Indonesia merupakan sebuah Negara yang kaya akan hasil alamnya. Bukan dari segi
alamnya saja, bahkan sumber daya manusianya juga melimpah. Ya berbicara
Indonesia tak luput dari SDA dan SDM nya. Tetapi apakah Indonesia akan menjadi
Negara besar? Disegani? Dihormati? Itu semua bisa terjadi asal ada timbal balik
hubungannya. Maksudnya apa? SDM dan SDAnya harus saling berhubungan, contohnya
dikala manusia membutuhkan pangan, alam kita menyediakan. Dan sebaliknya disaat
alam membutuhkan kita, kita juga harus berperan aktif dalam menjaga dan
melestarikannya. Bukan malah merusak dan hanya memanfaatkan hasil alamnya saja.

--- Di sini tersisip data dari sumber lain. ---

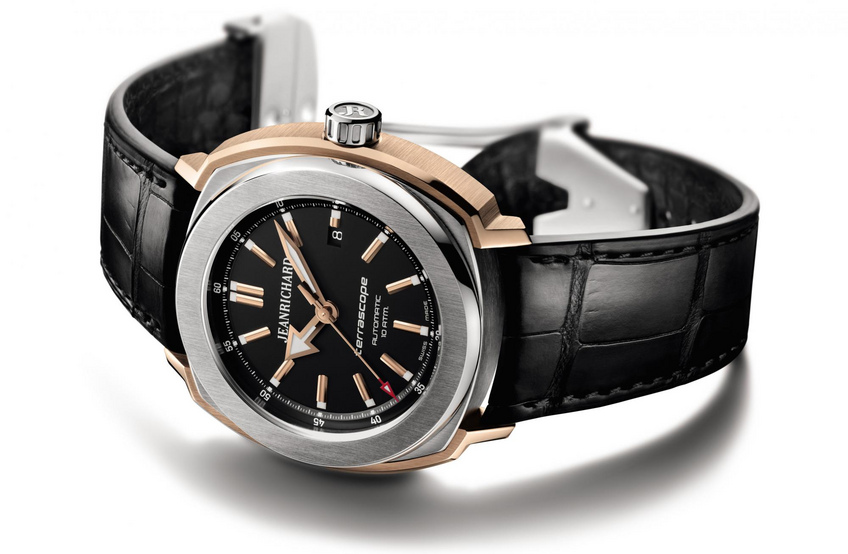 With a steel case illuminated by case sides in pink gold and a black dial, the new Terrascope bi-colour re-interprets the night in a sportive yet elegant spirit. A perfect blend of class and laid-back attitude as well as luxury and authenticity, this model unveils a subtle touch of the "gentleman farmer". The sophisticated construction of the case in multiple parts alternates "vertical satin" surfaces with polished bevels to play with light. The matt black case-back makes the clean geometry of the dial stand out with its applied numerals and big hands covered with pink gold and a luminescent coating. The black alligator strap, with folding clasp, completes the harmony. The mechanical movement with automatic winding ensures that the night-time and day-time hours are told with unerring accuracy. All the JEANRICHARD art of living in a watch with a distinctively assertive character.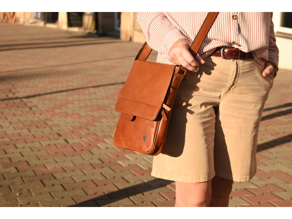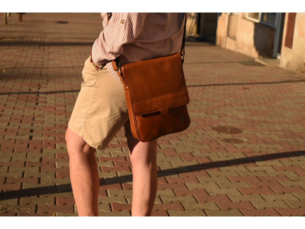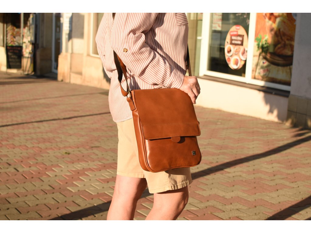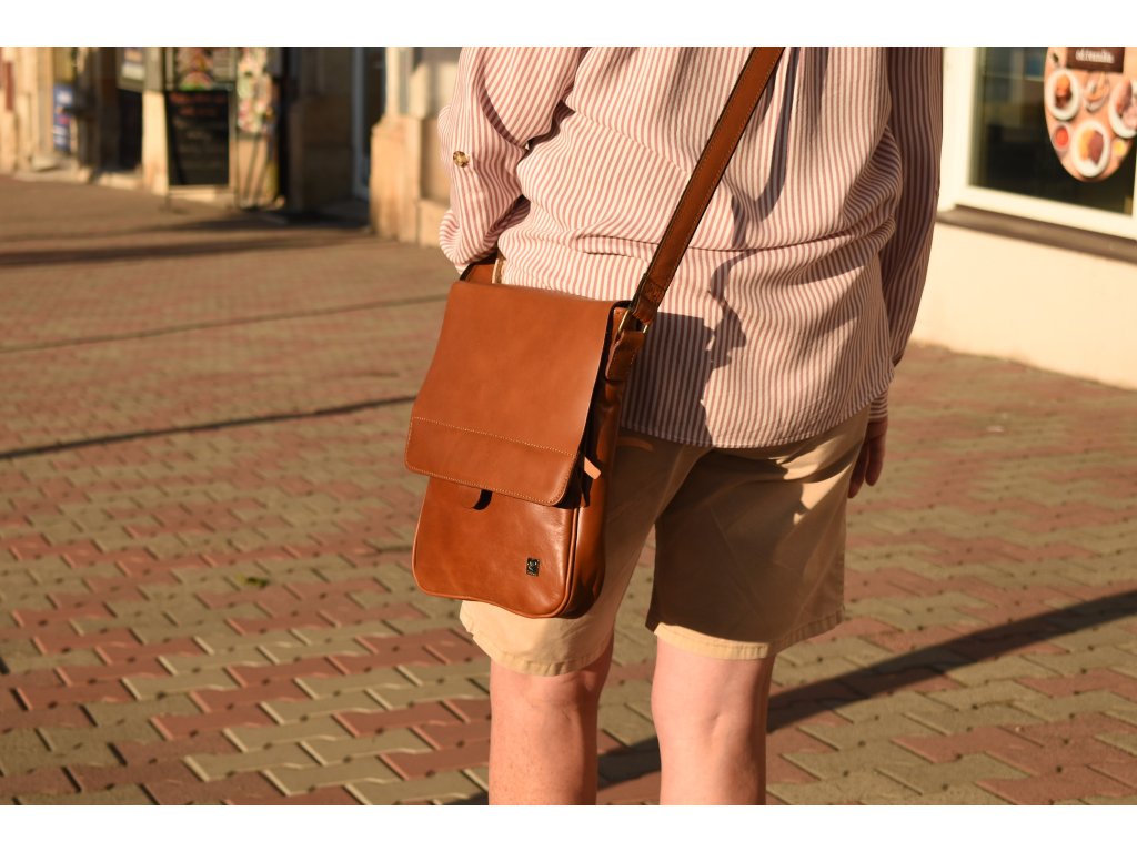 - pánská kožená taška přes rameno koňaková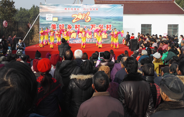 “歌唱起来、舞跳起来、快板打起来……”2015年12月31日上午由烟墩镇万兴村自编自导自建自演的首个美好乡村跨年联欢会开演了。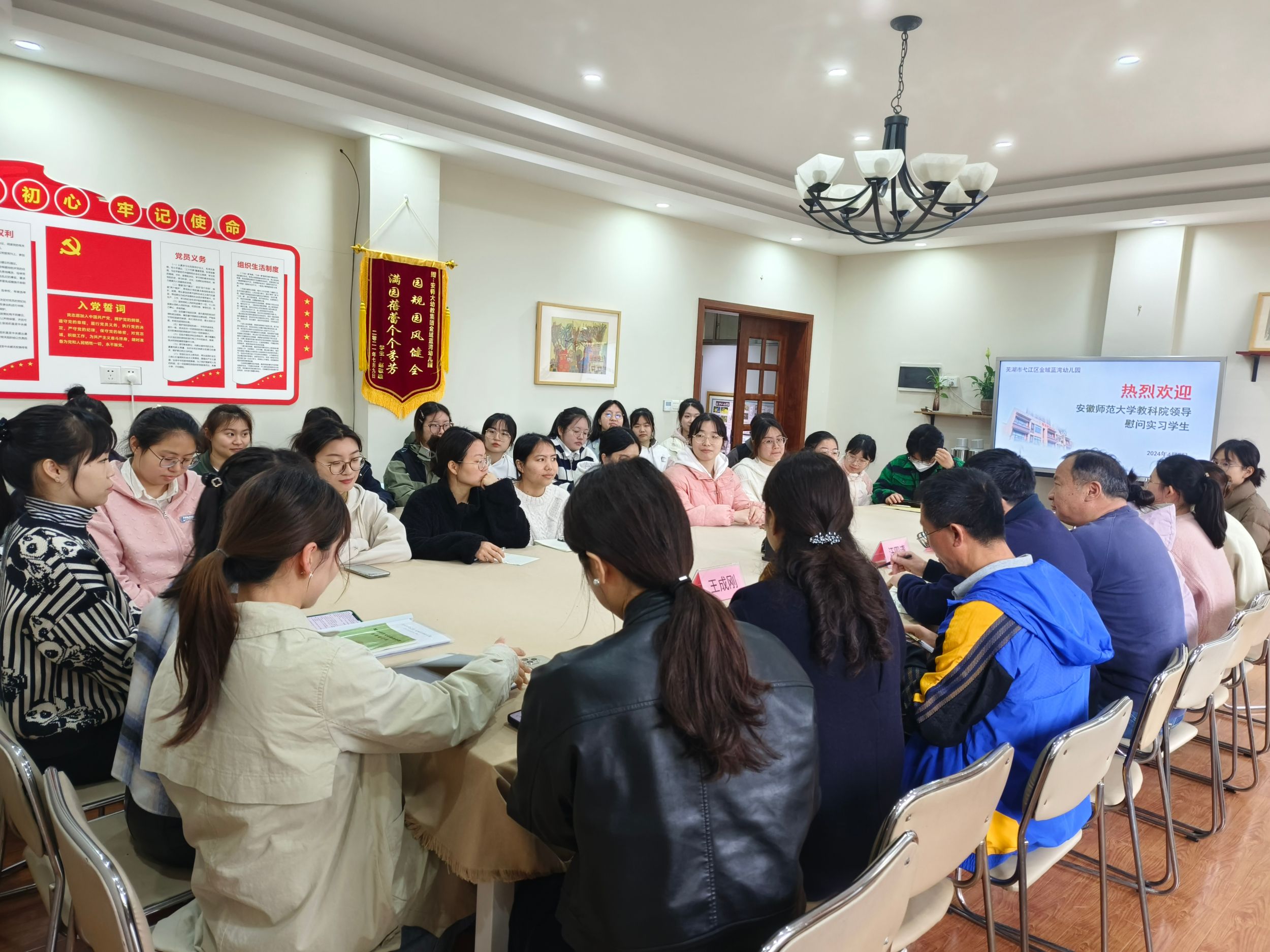 为扎实推进公司基础教育振兴行动计划,全面了解2020级学前教育专业本科生实习情况,4月8日上午公司副经理韩建涛、教学办公室汪四清老师、王成刚老师和专业实习指导教师吴玲老师赴弋江区金域蓝湾幼儿园开展教育实习检查工作。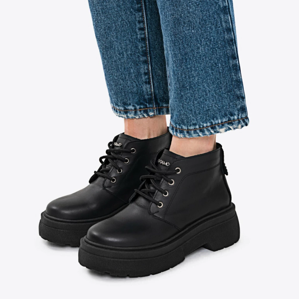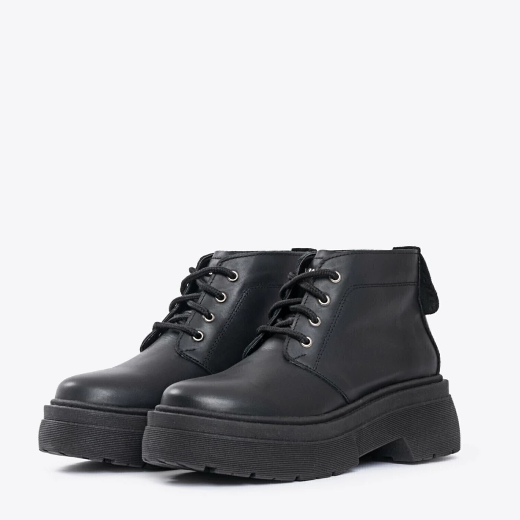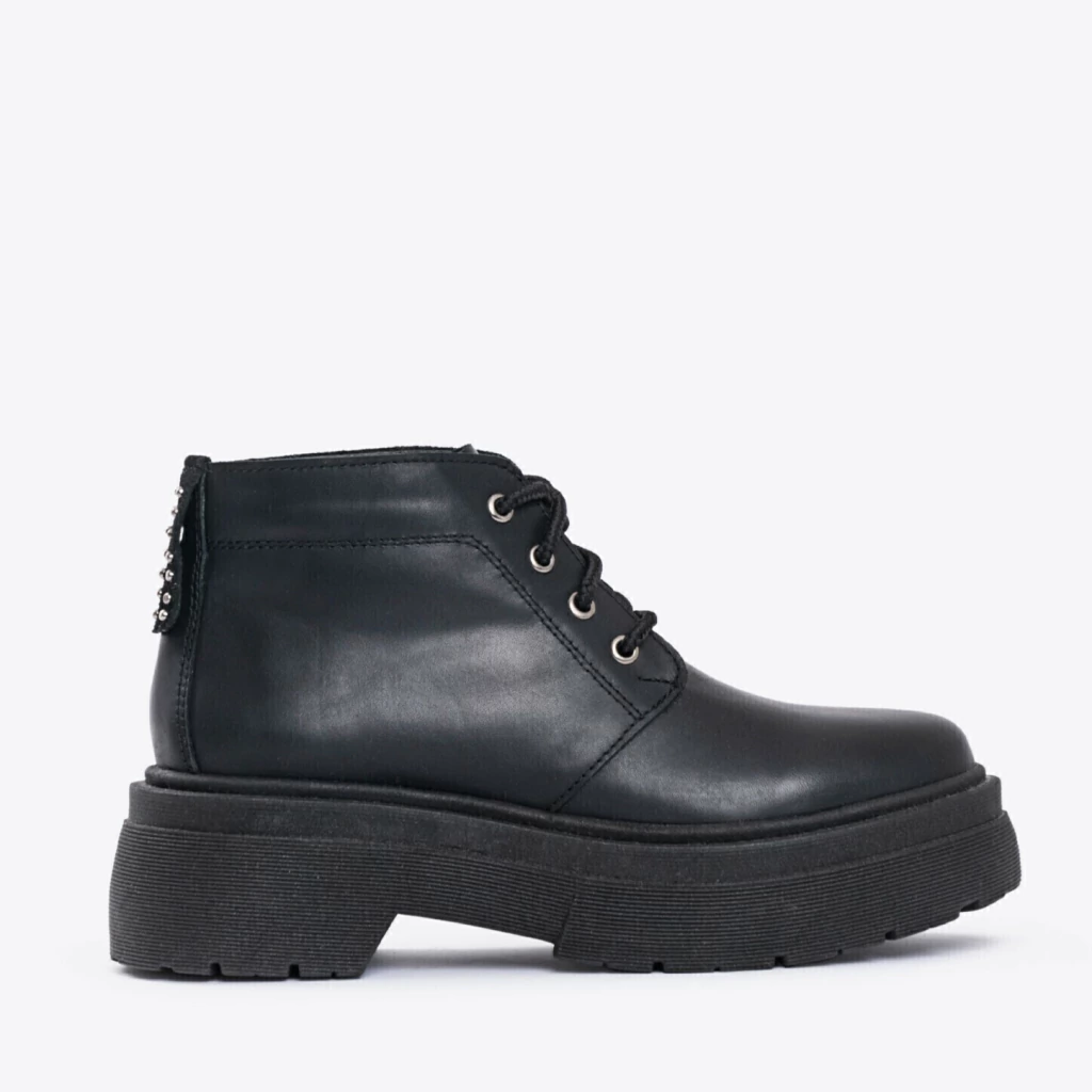 Borcego de mujer en cuero, de caña baja. Base inyectada. Detalle de tachas, ojalillos y avio marcario en lengüeta.

Oh iya SDM kita juga perlu di olah supaya tidak tertinggal zaman, maksudnya
apa? Alam kita melimpah ruah, dan SDM
kita juga harus pintar. Pintar dari segi cara mengolah SDA yang ada, dan pintar
dalam melihat bisnis dan peluang yang ada, supaya Indonesia bisa maju dalam ke
depannya. Intinya adalah kita harus bisa menjadi warga negara yang bangga
dengan Indonesianya. Banyak potensi dan prestasi anak bangsa yang bisa
dibanggakan di dunia internasional juga.
Kontribusi saya dalam Indonesia
saat ini hanya belajar, belajar, dan belajar. Supaya apa? Supaya kelak saya
bisa menjadi pemuda yang bisa di andalkan oleh Negara sendiri. Saya juga
mempunyai cita-cita kedepannya. Cita-cita saya adalah disaat saya sedang kuliah
bisa menciptakan lapangan pekerjaan untuk sesama yang membutuhkan. Disaat saya
lulus S1 kelak saya juga ingin membuat suatu lembaga masyarakat yang dimana
kedepannya berhubungan dengan pendidikan anak bangsa. Supaya apa? Supaya anak
bangsa tidak ada yang tertinggal, dan memiliki skill individu yang baik supaya
bisa bertahan hidup di Negara kita dan bahkan bisa membuat maju Negara kita
yang besar ini.
Intinya adalah untuk menjadi bangsa
yang besar, kita tidak boleh malas, dan ubah cara pandang kita terhadap
Indonesia supaya lebih maju lagi. Saya sangat suka dengan kata-kata Moh. Hatta
pada pembelaannya ketika di adili di Belanda pada tahun 1928 karena
memperjuangkan berdirinya Indonesia merdeka. Dengan lantang ia berucap “Hanya ada satu Negara yang pantas menjadi
negaraku. Ia tumbuh dengan perbuatan, dan perbuatan itu adalah perbuatanku”. So
jadi berbuatlah baik terhadap Negara kita, dimulai dari yang kecil dahulu.
Sekian pembahasan dari saya, terimakasih.